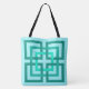 Tryckt med säcken i en modern mönster av förreglande fyrkanter, i nyans till djupa turkos/pån, på en baksida av pastellakakupa
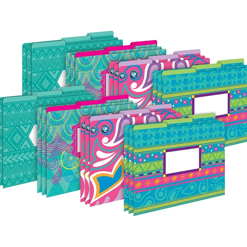 Barker Creek’s Bohemian letter-sized file folders are an affordable way to organize your office, classroom, and home with style and flair. This set of stylish desk accessories includes 24 file folders – six each of four colorful designs. The folders are 1/3 tabbed, which means that they have three tab positions – eight folders are tabbed on the left, eight folders are tabbed in the center, and eight are tabbed on the right. The 14-point stock makes these folders perfect for desktop filing, meeting handouts, and student papers.These Bohemian file folders come with a preprinted “label” on the front for adding a table of contents, highlighting meeting agendas, listing the names of team members, bulleting travel itineraries, and so much more. These unique office supplies are fully reversible, each folder having a multicolored design on one side and a vibrant, solid color on the reverse side. The possibilities are limited only by your imagination! Coordinating products are available. Search: Barker Creek Bohemian.
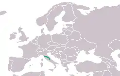 Ендемік Італії. Поширений у Північних та Центральних Апеннінах від провінцій Реджо-Емілія (Емілія-Романья) та Лукка (Тоскана) на південь до провінції Пескара (Абруццо). У гори піднімається до 1600 м над рівнем моря.
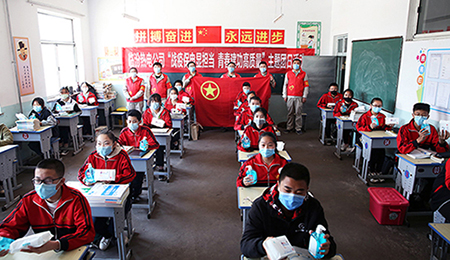臨汾熱電公司青年志愿者扛起專用消毒工具和噴壺,和老師們一起,將汾河學(xué)校“大唐班”教室和樓道公共設(shè)施區(qū)域進行全方位無死角衛(wèi)生消毒,為即將復(fù)學(xué)復(fù)課的學(xué)生營造安全放心的學(xué)習(xí)環(huán)境。
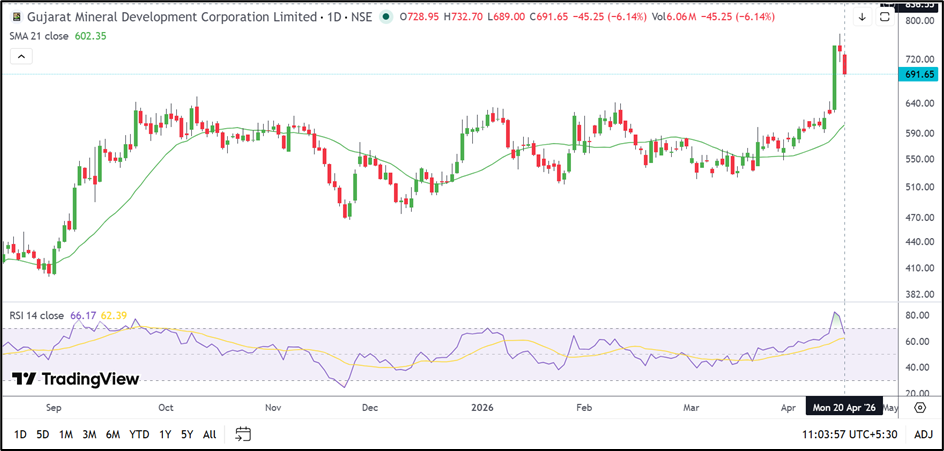 The decline comes after a powerful rally over the past few weeks, during which GMDC moved from below ₹550.00 to above ₹730.00. The latest correction suggests that the stock is witnessing profit booking after a rapid rise.
------------------------------------------------------------------------
### Brief:
Your reply must match the data above line for line, except that it holds no pictures.

### Answer below:
 Tryckt med säcken i en modern mönster av förreglande fyrkanter, i nyans till djupa turkos/pån, på en baksida av pastellakakupa
 Barker Creek’s Bohemian letter-sized file folders are an affordable way to organize your office, classroom, and home with style and flair. This set of stylish desk accessories includes 24 file folders – six each of four colorful designs. The folders are 1/3 tabbed, which means that they have three tab positions – eight folders are tabbed on the left, eight folders are tabbed in the center, and eight are tabbed on the right. The 14-point stock makes these folders perfect for desktop filing, meeting handouts, and student papers.These Bohemian file folders come with a preprinted “label” on the front for adding a table of contents, highlighting meeting agendas, listing the names of team members, bulleting travel itineraries, and so much more. These unique office supplies are fully reversible, each folder having a multicolored design on one side and a vibrant, solid color on the reverse side. The possibilities are limited only by your imagination! Coordinating products are available. Search: Barker Creek Bohemian.
 Ендемік Італії. Поширений у Північних та Центральних Апеннінах від провінцій Реджо-Емілія (Емілія-Романья) та Лукка (Тоскана) на південь до провінції Пескара (Абруццо). У гори піднімається до 1600 м над рівнем моря.
臨汾熱電公司青年志愿者扛起專用消毒工具和噴壺,和老師們一起,將汾河學(xué)校“大唐班”教室和樓道公共設(shè)施區(qū)域進行全方位無死角衛(wèi)生消毒,為即將復(fù)學(xué)復(fù)課的學(xué)生營造安全放心的學(xué)習(xí)環(huán)境。
 The decline comes after a powerful rally over the past few weeks, during which GMDC moved from below ₹550.00 to above ₹730.00. The latest correction suggests that the stock is witnessing profit booking after a rapid rise.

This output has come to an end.